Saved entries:

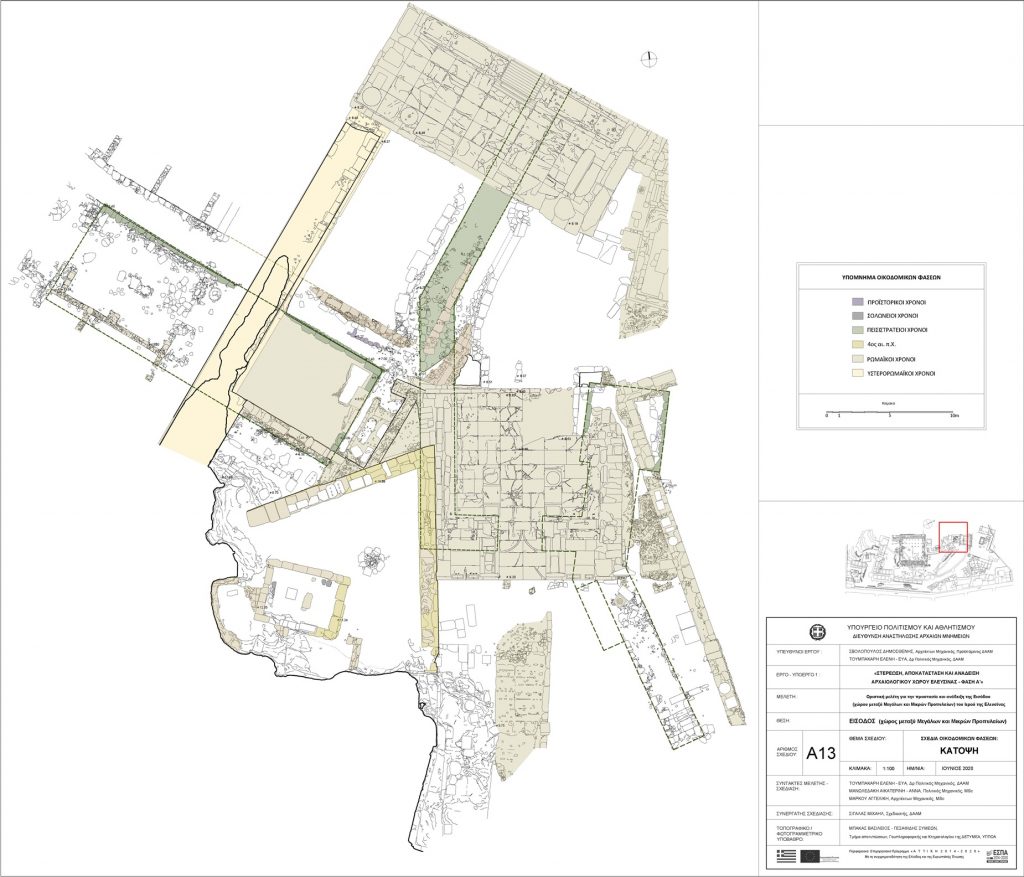 Η οικοδομική ιστορία της περιοχής της Εισόδου συνοψίζεται εν συντομία στα ακόλουθα:
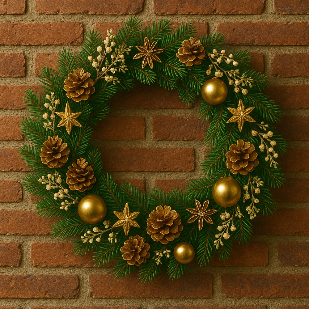 Połączenie naturalnych elementów – igliwia, szyszek i anyżu – z eleganckimi, złotymi dodatkami tworzy harmonijną i przytulną kompozycję świąteczną. To wianek, który pięknie pachnie, przyciąga wzrok i wprowadza do wnętrza ciepły blask Świąt Bożego Narodzenia.
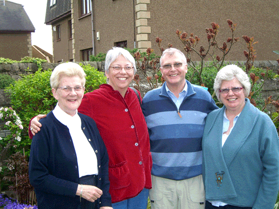 Hazel Weierter, me, John, and Maureen - Hazel's yard in Kirkcaldy, Fife
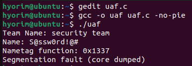 free는 해제한 메모리의 데이터를 초기화하지 않으므로, nametag에는 secret의 값 일부가 남아있게 된다.
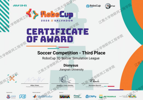 NewsRecently, the 2025 RoboCup Robot World Cup was successfully held in Brazil. The Dionysus team from the School of Internet of Things Engineering secured third place in the 3D Soccer Simulation category, matching the best result achieved by a Chinese university team in this division over the past decade.
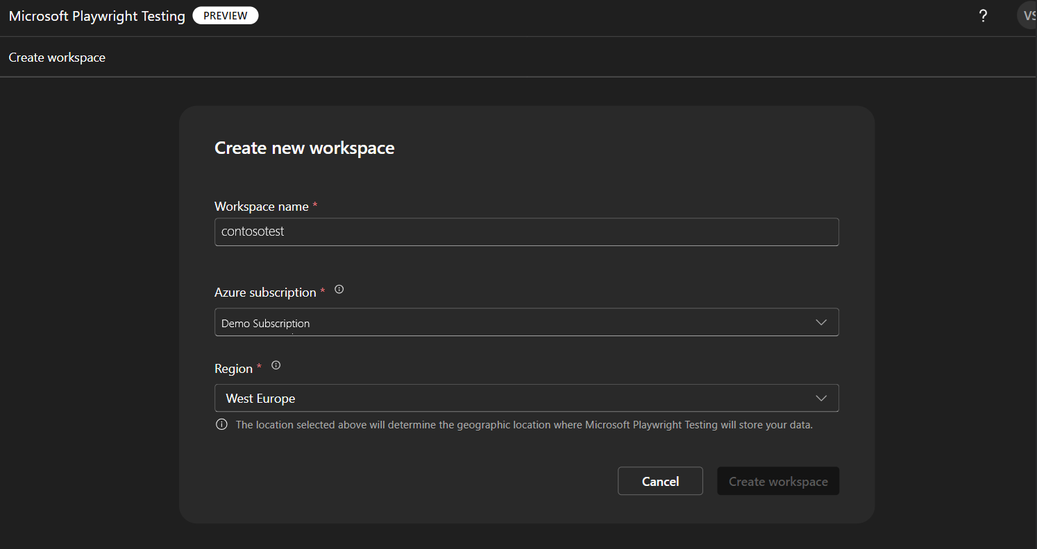 The name can only consist of alphanumerical characters, and have a length between 3 and 64 characters.Azure subscription Select the Azure subscription that you want to use for this Microsoft Playwright Testing workspace. Region Select a geographic location to host your workspace.
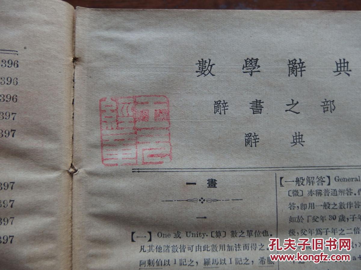 数学辞典* 王元经钤印本(民国浙江江山县
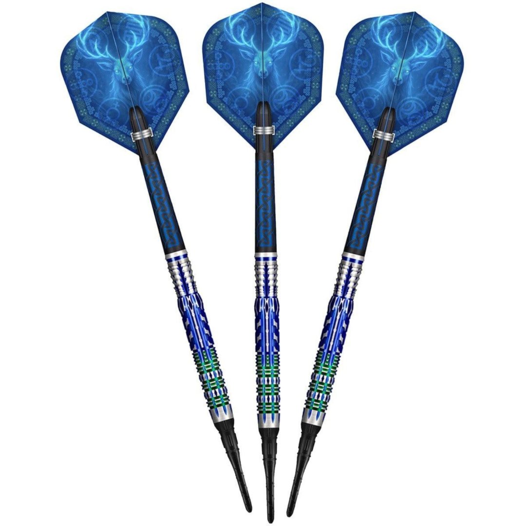 Softové šipky Shot Celt Merlin jsou wolframové šipky (95% tungsten) v naprosto ohromujícím designu. Jedinečné drážkování barrelu je zvýrazněno modrou a zelenou barvou. Barrely jsou doplněny nylonovými násadkami a letkami Shot. Sada obsahuje 1 sadu násadek a 1 sadu letek navíc.
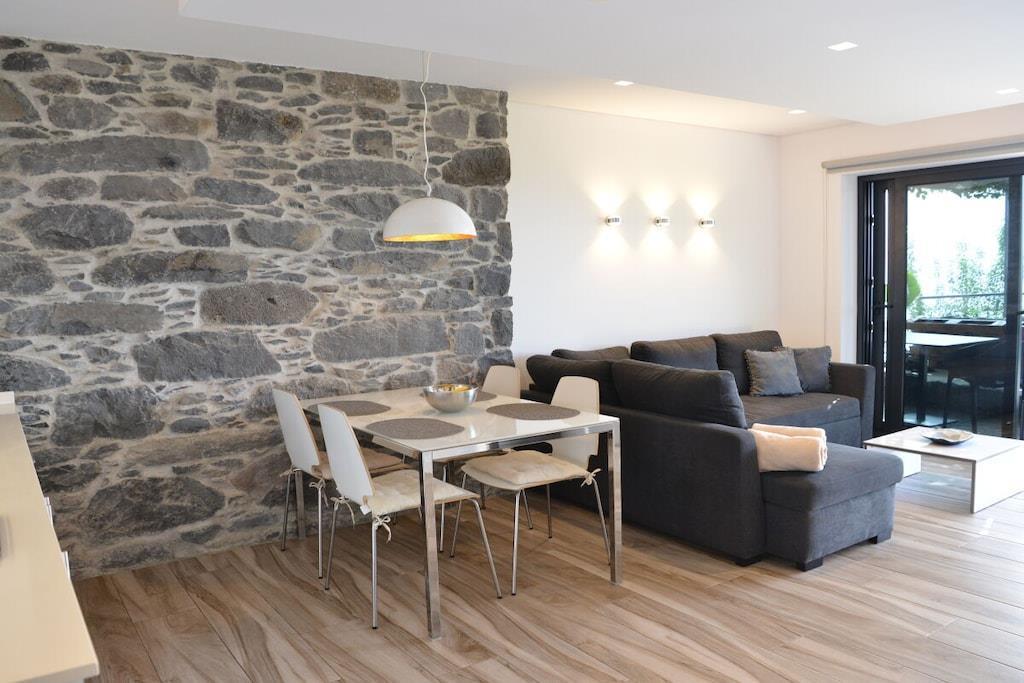 Lägenhet Villa Rosa: Ursprungligen stod en gammal herrgård från Madeira med tjocka basaltväggar på denna plats. Byggnadens skick, liksom våra höga krav på arkitektur och kvalitet, uteslöt en enkel renovering. Istället valde vi en symbios av modern arkitektur och bevarandet av de karakteristiska basaltstensmurarna. Projektet slutfördes i april 2016. Villa Rosa, som ligger på bottenvåningen, är den enda lägenheten i komplexet med två sovrum och två badrum. En rymlig, traditionell innergård framför huset inbjuder till avkoppling. Perfekt för familjer med barn eller två par.

▶ _WORK ITEM_:
Copy out the entries exactly as they stand, omitting the images.

▶ _SOLUTION TO THIS EXERCISE_:
 Η οικοδομική ιστορία της περιοχής της Εισόδου συνοψίζεται εν συντομία στα ακόλουθα:
 Połączenie naturalnych elementów – igliwia, szyszek i anyżu – z eleganckimi, złotymi dodatkami tworzy harmonijną i przytulną kompozycję świąteczną. To wianek, który pięknie pachnie, przyciąga wzrok i wprowadza do wnętrza ciepły blask Świąt Bożego Narodzenia.
 Hazel Weierter, me, John, and Maureen - Hazel's yard in Kirkcaldy, Fife
 free는 해제한 메모리의 데이터를 초기화하지 않으므로, nametag에는 secret의 값 일부가 남아있게 된다.
 NewsRecently, the 2025 RoboCup Robot World Cup was successfully held in Brazil. The Dionysus team from the School of Internet of Things Engineering secured third place in the 3D Soccer Simulation category, matching the best result achieved by a Chinese university team in this division over the past decade.
 The name can only consist of alphanumerical characters, and have a length between 3 and 64 characters.Azure subscription Select the Azure subscription that you want to use for this Microsoft Playwright Testing workspace. Region Select a geographic location to host your workspace.
 数学辞典* 王元经钤印本(民国浙江江山县
 Softové šipky Shot Celt Merlin jsou wolframové šipky (95% tungsten) v naprosto ohromujícím designu. Jedinečné drážkování barrelu je zvýrazněno modrou a zelenou barvou. Barrely jsou doplněny nylonovými násadkami a letkami Shot. Sada obsahuje 1 sadu násadek a 1 sadu letek navíc.
 Lägenhet Villa Rosa: Ursprungligen stod en gammal herrgård från Madeira med tjocka basaltväggar på denna plats. Byggnadens skick, liksom våra höga krav på arkitektur och kvalitet, uteslöt en enkel renovering. Istället valde vi en symbios av modern arkitektur och bevarandet av de karakteristiska basaltstensmurarna. Projektet slutfördes i april 2016. Villa Rosa, som ligger på bottenvåningen, är den enda lägenheten i komplexet med två sovrum och två badrum. En rymlig, traditionell innergård framför huset inbjuder till avkoppling. Perfekt för familjer med barn eller två par.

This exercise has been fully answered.